第58课:使用Java和Scala在IDE中开发DataFrame实战学习笔记
本期内容:
1. 使用Java开发DataFrame实战
2. 使用Scala开发DataFrame实战
自Spark1.3开始大多数SparkSQL都基于DataFrame编程。因为DataFrame高效且功能强大。
可以把SparkSQl作为一个分布式查询引擎。SparkSQL一般都和Hive一起使用。
使用Java开发Spark应用程序的原因:
1. 企业生产环境下大多以Java为核心
2. Java更傻瓜,更易理解
SQLContext中有HiveContext子类。
Spark官网建议任何时候都用HiveContext。一般情况下都可以直接用HiveContext而不需要使用SQLContext
./spark-submit --file,可以通过指定hive-site.xml配置,这给我们一个启发:如果有一些特别的配置,可以这样指定。但如果指定其他文件,会覆盖默认参数hive-site.xml(注意:Spark的Conf目录下也有hive-site.xml文件)
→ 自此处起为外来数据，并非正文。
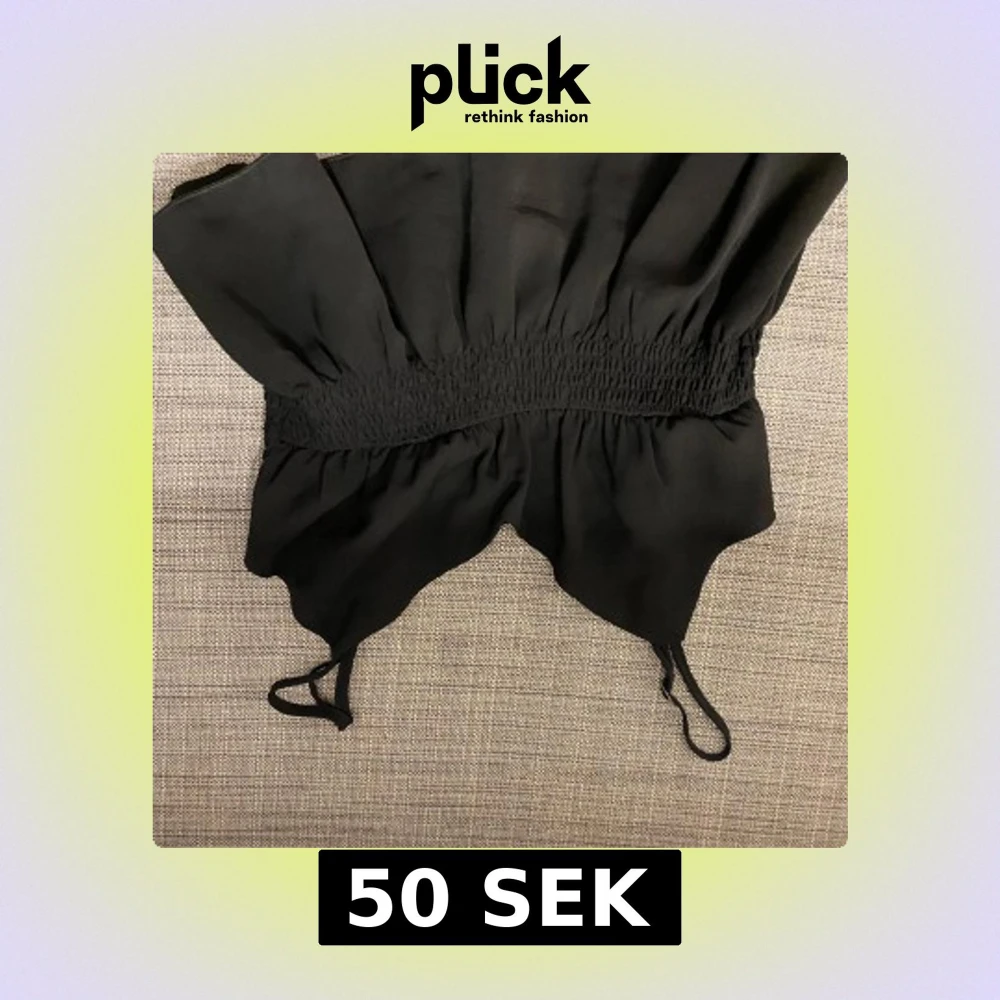 Snygg svart topp med smockdetaljer i midjan och volangkant. Axelbanden är justerbara
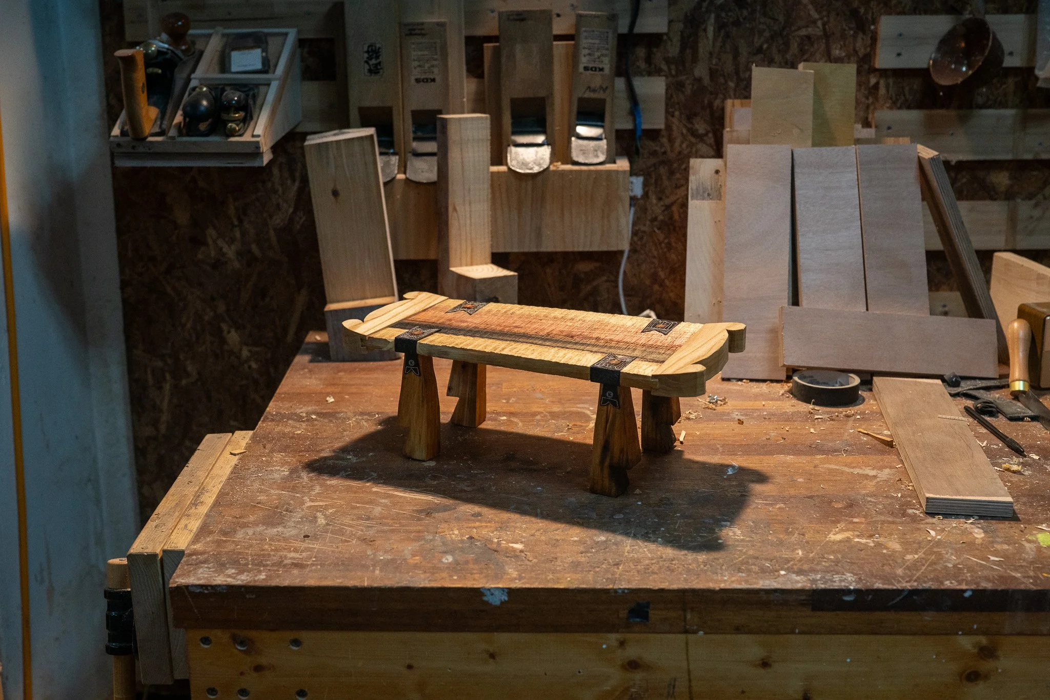 This summer, I cut it down. I built a frame saw to resaw the planks, chiseled the metal fittings on an anvil, and inlaid them with silver. The metal and wood surfaces were finished with ottchil (traditional lacquer), coming together as a four-legged ban—a low table steeped in vernacular form.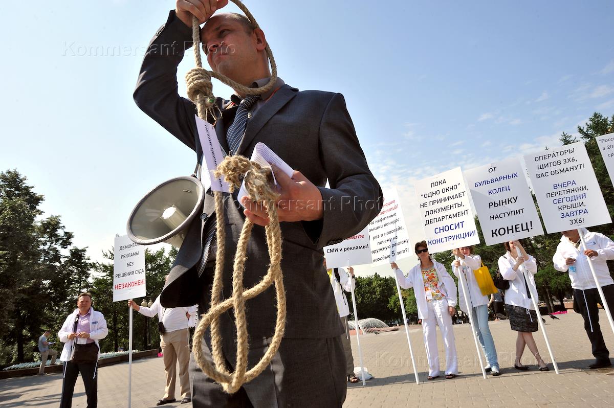 Митинг московских операторов наружной рекламы в Новопушкинском сквере.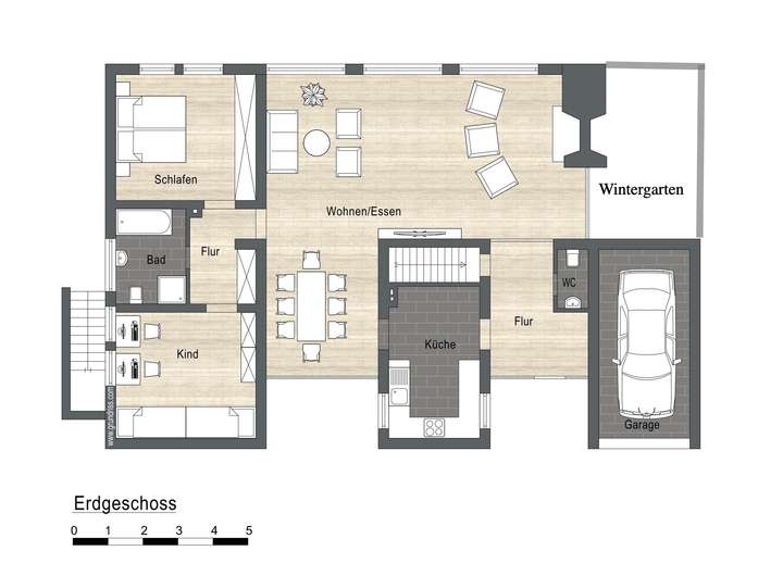 Garten: Wintergarten, Aussenterrasse , zwei Holz-Gartenhäuser.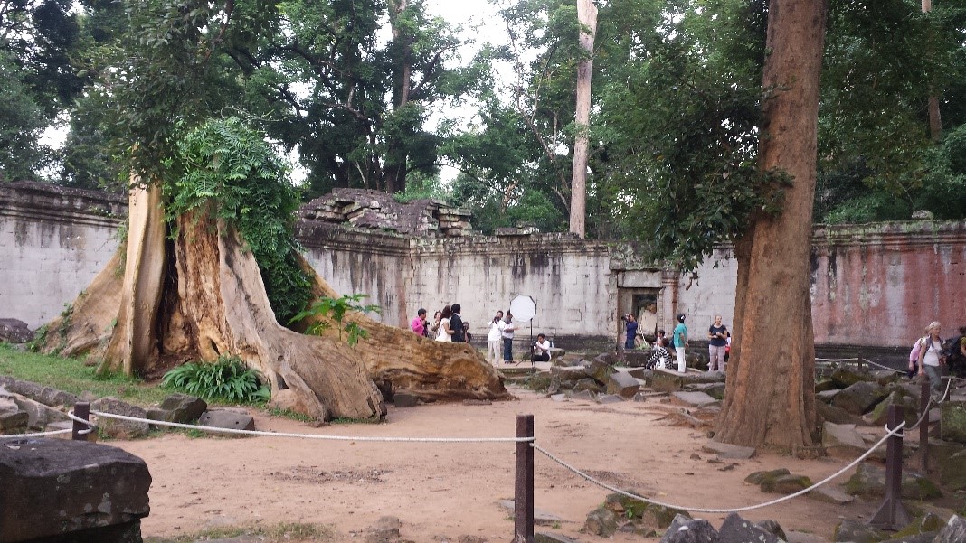 The priests in this temple had planted many trees near the buildings and walls, because they revered nature. But in the end, nature took over, and because they could not bring themselves to cut down their sacred trees, they eventually had to abandon the temple and leave it in the hands of the trees.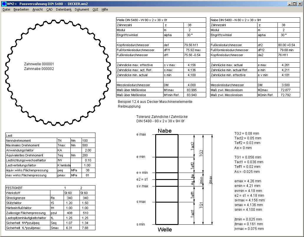 Die neuen Quick3-Ansicht enthält eine Zeichnung der Zahnwellenverbindung, Tabellen mit Abmessungen und Festigkeitsberechnung, sowie das Schaubild mit den Zahnflankentoleranzen von Welle und Nabe..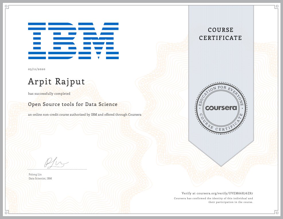 I completed Open Source tools for #DataScience course.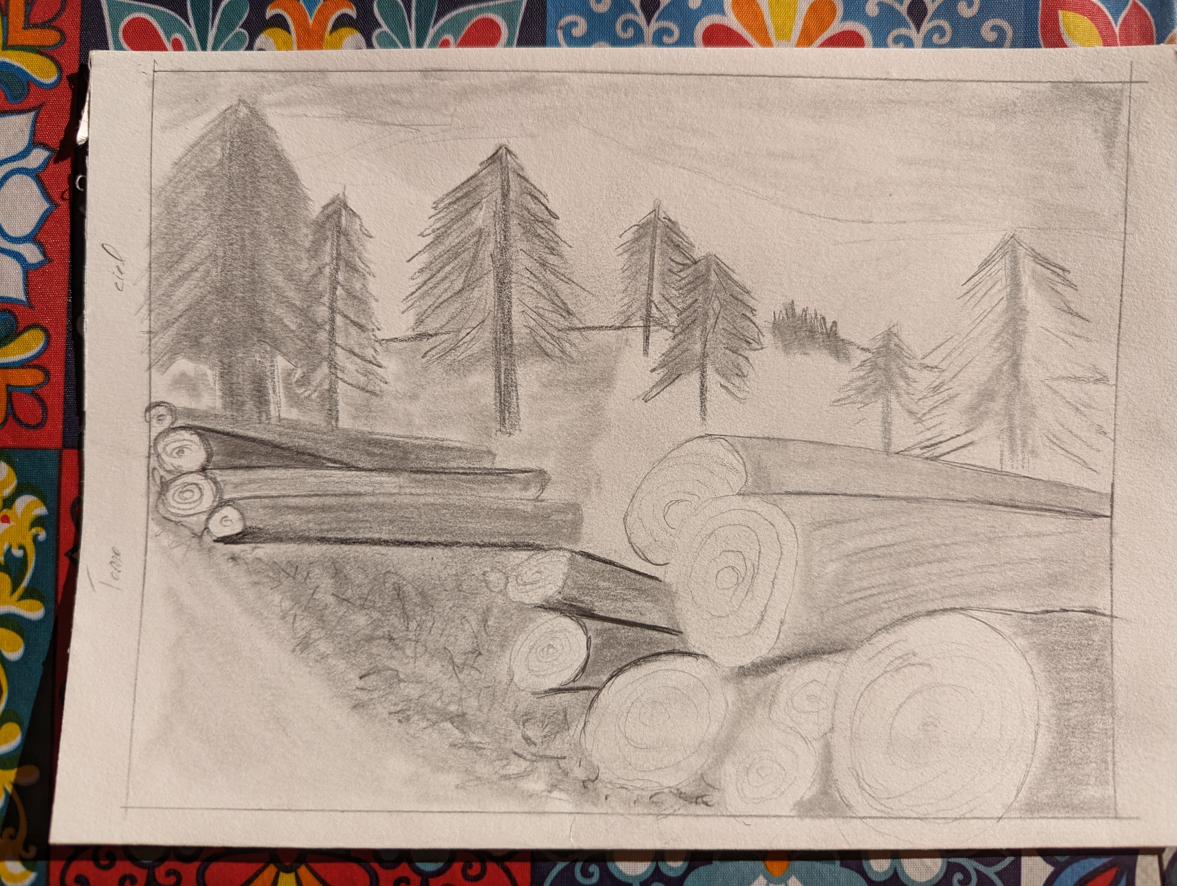 C'est grâce au rythme du crayon quon peut faire ressentir la texture. Pareil sur les troncs du premier plan : ils devraient être plus foncés, plus marqués.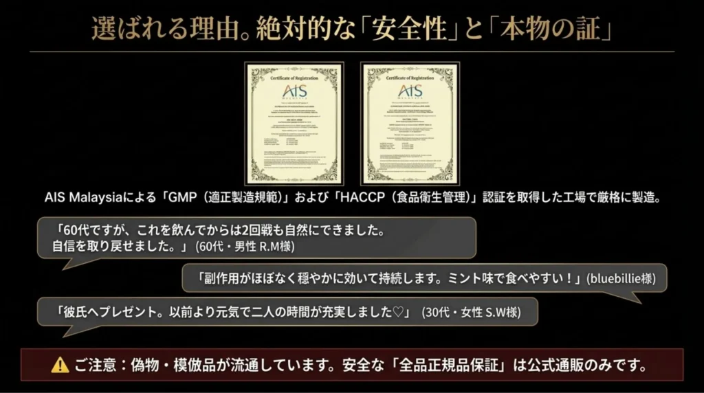 ご自身の体内に入れる大切なサプリメントだからこそ、「安全性」と「確かな実感」を第一に考え、必ず公式通販サイトからご購入いただくことを強く推奨いたします。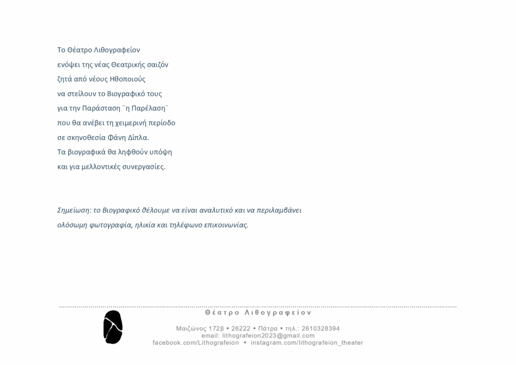 #Λιθογραφείον#CastingCall#ΗΠαρέλαση#Θέατρο#PatraTheater#NewActors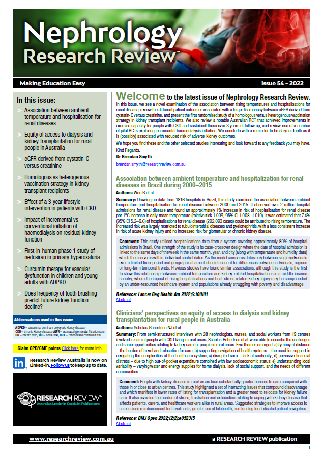This Review features key medical articles from global nephrology journals with commentary from Professor Vlado Perkovic and Dr Brendan Smyth. The Review covers topics such asperitoneal dialysis, acute renal failure, diabetic nephrology, renal osteodystrophy, autoimmune kidney disease, transplant rejection, immunosuppression and monoclonal antibodies.

spark-submit --class com.dt.spark.sql.DataFrameOps --master spark://slq1:7077 /home/richard/spark-1.6.0/SparkApps/wordCount.jar
配置Hive的不同数据来源。如果不配置的话Spark会自动找Spark中的Hive配置信息。
在哪台机上提交就需要在哪台机上安装Hive
Java代码如下:
package com.dt.spark.SparkApps;
import org.apache.spark.SparkConf;
import org.apache.spark.api.java.JavaSparkContext;
import org.apache.spark.sql.DataFrame;
import org.apache.spark.sql.SQLContext;
public class DataFrameOps {
public static void main(String[] args){
//创建SparkConf用于读取系统配置信息并设置当前应用程序名称
SparkConf conf = new SparkConf().setAppName("DataFrameOps");
//创建JavaSparkContext对象实例作为整个Driver核心基石
JavaSparkContext sc = new JavaSparkContext(conf);
//创建SQLContext上下文对象用于SQL分析
SQLContext sqlContext = new SQLContext(sc);
//创建DataFrame,可以简单认为DataFrame是一张表
//DataFrame可以来源于多种格式
//如JSON,可以直接创建DataFrame
//SQLContext只支持SQL一种方言,用HiveContext就可以支持多种
//方言(默认HQL,可以设置)。
DataFrame df = sqlContext.read().json("HDFS://slq1:9000/user/people.json");
//select * from table
df.show();
//describe table;
df.printSchema();
df.select("name").show();
// select name age+1 from table;
df.select(df.col("name"),df.col("age").plus(10)).show();
//select * from table where age > 20;
df.filter(df.col("age").gt(20)).show();
//select count(1) from table group by age;
df.groupBy(df.col("age")).count().show();
}
}
下面编写scala代码:
package com.dt.spark.SparkApps.sql
import org.apache.spark.SparkContext
import org.apache.spark.SparkConf
import org.apache.spark.sql.SQLContext
// 使用Java的方式开发实战对DataFrame的操作
object DataFrameOps {
def main(args: Array[String]): Unit = {
val conf = new SparkConf()
conf.setAppName("DataFrameOps")
conf.setMaster("spark://slq1:7077")
val sc = new SparkContext
val sqlContext = new SQLContext(sc)
val df = sqlContext.read.json("hdfs://slq1:9000/user/data/SparkResources/people.json")
df.show()
df.printSchema()
df.select("name").show()
df.select(df("name"),df("age") + 10).show()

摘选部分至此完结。